Work instructions: Reproduce only the lines below from the line containing "Das Bettlaken ist" to the line containing "Mourinho’dan tartışma yaratacak", exactly as written, with both end lines kept. Omit the pictures.
_ _ _ _
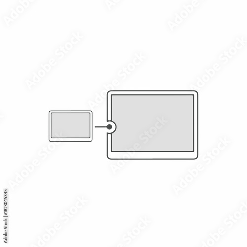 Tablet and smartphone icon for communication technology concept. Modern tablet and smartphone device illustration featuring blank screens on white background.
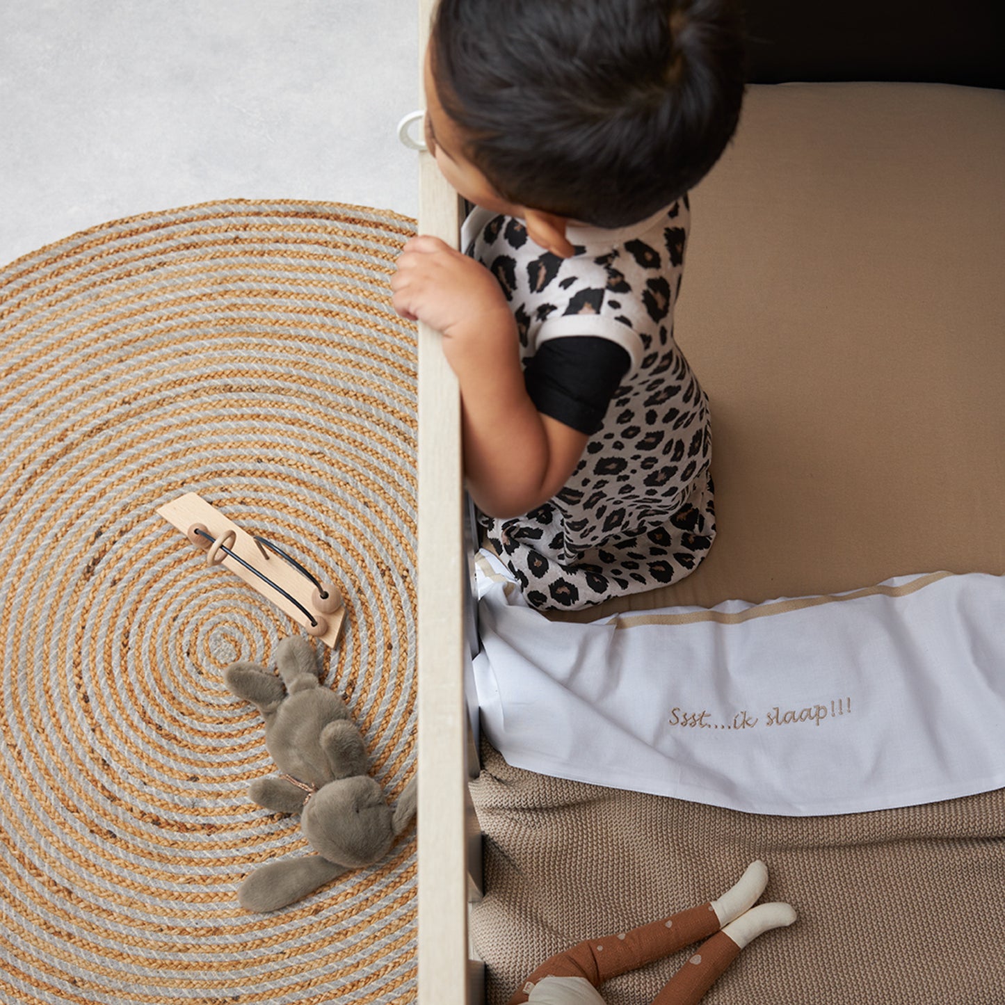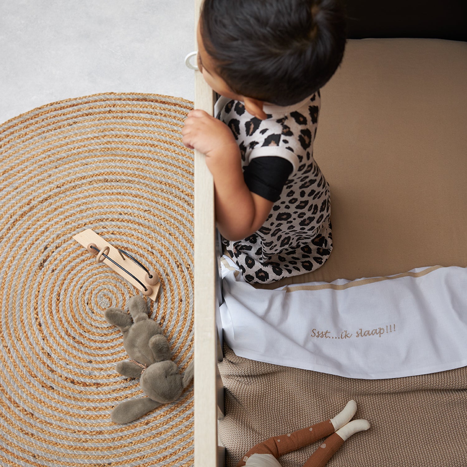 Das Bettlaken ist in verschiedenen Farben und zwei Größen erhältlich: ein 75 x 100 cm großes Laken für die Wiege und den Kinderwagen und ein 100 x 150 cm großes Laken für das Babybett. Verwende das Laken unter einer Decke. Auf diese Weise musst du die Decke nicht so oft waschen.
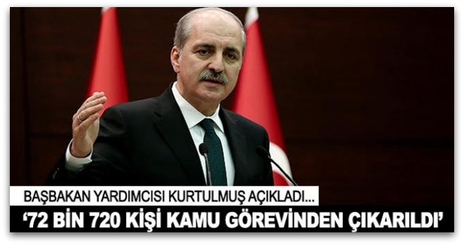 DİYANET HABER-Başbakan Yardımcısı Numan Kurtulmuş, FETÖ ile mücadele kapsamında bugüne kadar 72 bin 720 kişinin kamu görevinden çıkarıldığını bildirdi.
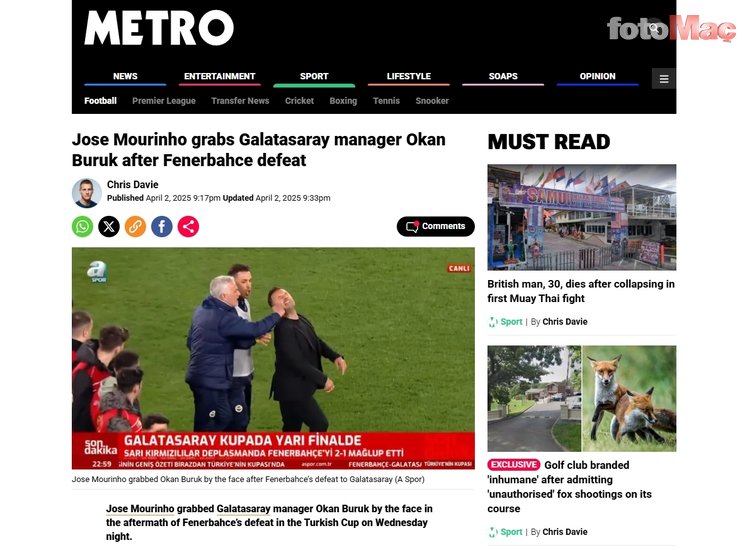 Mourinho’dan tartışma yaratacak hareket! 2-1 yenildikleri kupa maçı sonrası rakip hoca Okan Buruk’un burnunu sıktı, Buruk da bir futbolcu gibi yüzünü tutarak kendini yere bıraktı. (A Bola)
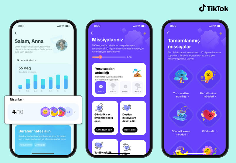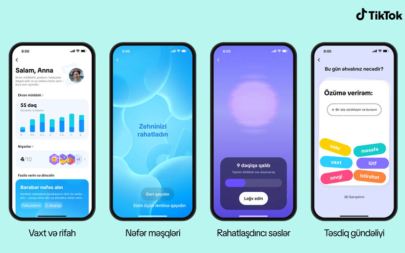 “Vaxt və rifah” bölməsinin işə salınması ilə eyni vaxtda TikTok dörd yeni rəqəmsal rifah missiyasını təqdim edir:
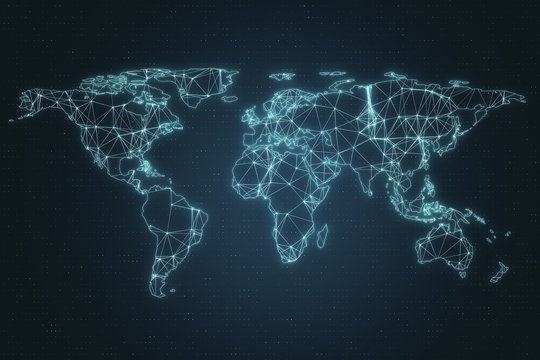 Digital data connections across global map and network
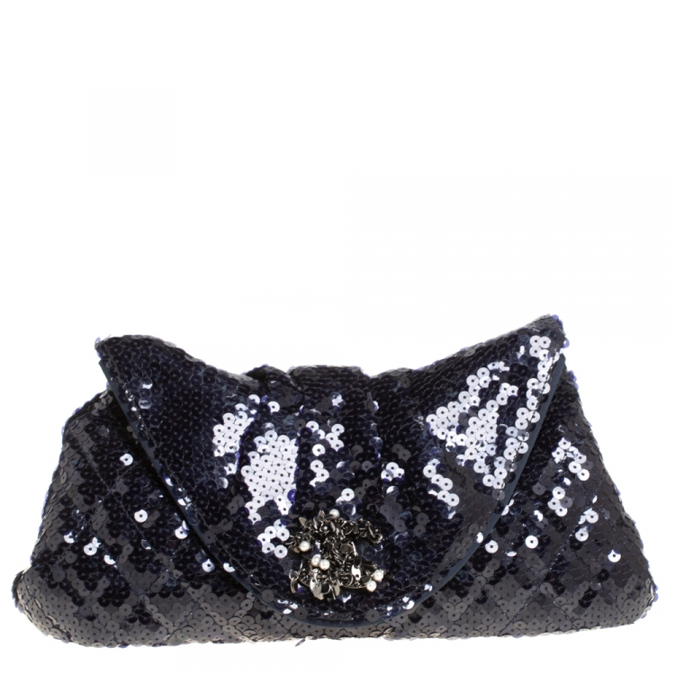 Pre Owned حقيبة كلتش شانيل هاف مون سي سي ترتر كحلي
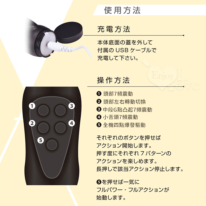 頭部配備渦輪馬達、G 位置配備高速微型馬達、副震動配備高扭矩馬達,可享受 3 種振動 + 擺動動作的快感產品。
_ _ _ _
Task solution:
 Das Bettlaken ist in verschiedenen Farben und zwei Größen erhältlich: ein 75 x 100 cm großes Laken für die Wiege und den Kinderwagen und ein 100 x 150 cm großes Laken für das Babybett. Verwende das Laken unter einer Decke. Auf diese Weise musst du die Decke nicht so oft waschen.
 DİYANET HABER-Başbakan Yardımcısı Numan Kurtulmuş, FETÖ ile mücadele kapsamında bugüne kadar 72 bin 720 kişinin kamu görevinden çıkarıldığını bildirdi.
 Mourinho’dan tartışma yaratacak hareket! 2-1 yenildikleri kupa maçı sonrası rakip hoca Okan Buruk’un burnunu sıktı, Buruk da bir futbolcu gibi yüzünü tutarak kendini yere bıraktı. (A Bola)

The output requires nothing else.